Sul fronte industriale l'ad Fausto Azzi di Aferpi e il direttore Giovanni Carpino per Magona ArcelorMittal hanno fotografato la situazione dei due stabilimenti.

 Per quanto riguarda Magona ArcelorMittal è stato evidenziato il passaggio in corso per l'acquisizione dello stabilimento da parte di Liberty House. La Comunità Europea è in attesa di ricevere un parere dei gruppi sindacali di tutte le realtà coinvolte nell'acquisizione; parere con non può arrivare se non viene concretizzato un piano industriale. La situazione non è solo su scala piombinese, viene gestita a Londra e coinvolge i siti di Galati e Skopje.

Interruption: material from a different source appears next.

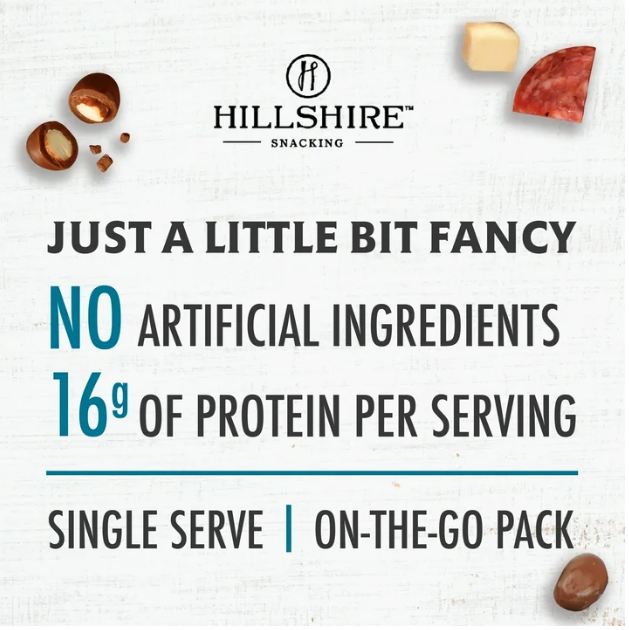 Enjoy a grown up take on snack time with Hillshire Snacking Bistro Bites Italian Dry Salame, White Cheddar Cheese and Chocolate Covered Almonds Snack Kits. With these fancy protein snack trays, complementary flavors come together to deliver a gourmet snacking experience with no artificial ingredients. Ready to eat and perfectly portioned in a single serve snack tray for snacking on the go, these Bistro Bites provide 16 grams of protein per serving. Tear open a snack pack and enjoy this tasty combination of sweet and savory with snack cheese as an addition to a quick meal. Includes one 2.8 ounce snack kit package of Bistro Bites Italian dry salami, white cheddar cheese and chocolate covered almonds. We are big believers in a little thing called snack time. To us snacking is not about rushing or mindless eating, but about turning a few stolen moments into an elevated celebration worth savoring. We are here to turn snacking into an occasion, and you are invited. Keep Refrigerated until ready to consumer.

L'ad di Aferpi Fausto Azzi si è concentrato sui prossimi step dello stabilimento siderurgico alla luce della ripresa dell'attività dei treni rotaie e vergelle. Ha sottolineato l'importanza del dialogo intrapreso con Rimateria e la previsione delle demolizioni che potrebbero partire a nuovo anno.

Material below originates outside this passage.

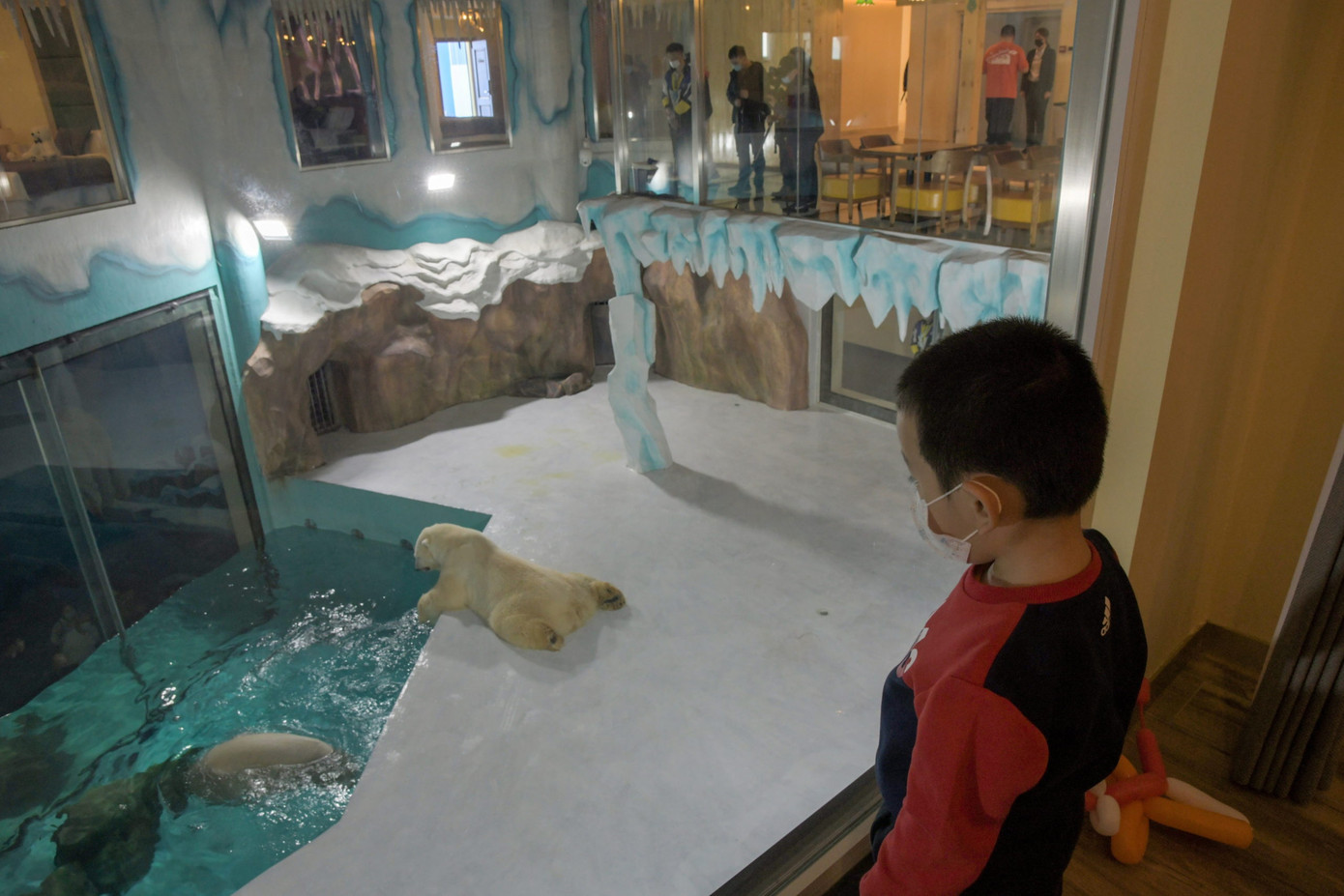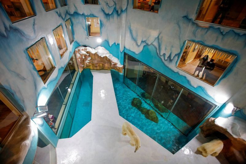 Các phòng nghỉ của khách sạn này phần lớn đều có cửa sổ hướng vào chuồng gấu, để du khách tận hưởng cảm giác “sống với gấu Bắc Cực 24/24”.

"Stiamo costruendo le condizioni per rilanciare Piombino come luogo importante per l'occupazione, il lavoro, lo sviluppo della Toscana. - ha detto il presidente Enrico Rossi - Rispetto al vuoto industriale che si era prodotto, la svolta non si fa in un giorno, occorre almeno un medio periodo. Gli accordi che firmiamo oggi hanno questa finalità: rilanciare il porto, attrarre investimenti, creare nuove opportunità per alcune centinaia di posti di lavoro. Questi accordi stabiliscono che in tempi prestabiliti l'interesse manifestato diventi operativo. Piombino ha bisogno di certezze per poter ripartire".

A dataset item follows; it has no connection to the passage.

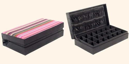 Superb quality lined earring, bead and cufflink box in striped design with black trim. Made from polyester, these earring boxes have a traditional lid which hinges open to reveal 21 sections for storing earrings or cufflinks along with several elasticated pockets under the lid. Equally suited to home or travel use, this is a beautiful way to store and protect your beads, earrings and cufflinks. Size 22cm L x 11cm W x 5cm High, each earring section is approximately 3cm square by 3 cm deep. Matching jewel roll available.
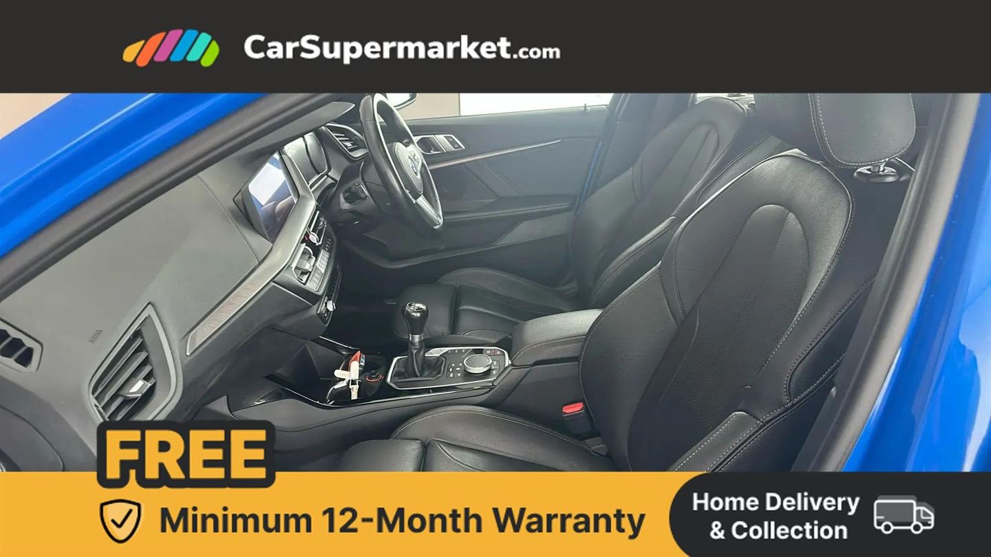 Cruise Control, Lane Departure Warning, Bluetooth, Digital Radio, Satellite Navigation, Leather Upholstery, Heated Seats, Parking Sensors;This 2021 BMW 1 Series 118i M Sport (LCP) benefits from an MOT valid until October 2026, offering peace of mind for the coming years. This Euro 6 compliant model features a 1.5L petrol engine and is presented in the sporty M Sport trim. The vehicle is equipped with distinctive Perforated Dakota Leather upholstery in Black with Grey Highlights, adding a touch of premium comfort. The 118i M Sport is designed for an engaging driving experience, achieving 0-62mph in just 8.9 seconds, demonstrating its responsive acceleration compared to other vehicles in its class. Furthermore, this BMW 1 Series boasts generous boot space, making it a practical choice for everyday use and longer journeys alike.

A sottolineare l'importanza di questo summit su porto e industria il presidente Rossi in apertura e il consigliere regionale Anselmi in chiusura dell'incontro. Entrambi hanno ribadito l'occasione che offre il porto di Piombino, opportunità di sviluppo e di impresa. Necessario accelerare sulle bonifiche e la richiesta a questo Governo di fare la sua parte. I protocolli sottoscritti oggi dovranno favorire il coordinamento delle parti per l'attivazione del cantiere navale di demolizioni, costruzioni e logistica, a facilitare azioni, procedure, semplificazioni amministrative nel rispetto della normativa vigente, a coordinare e la definizione di accordi integrativi con soggetti terzi deputati alla realizzazione e gestione di infrastrutture di servizio pubblico.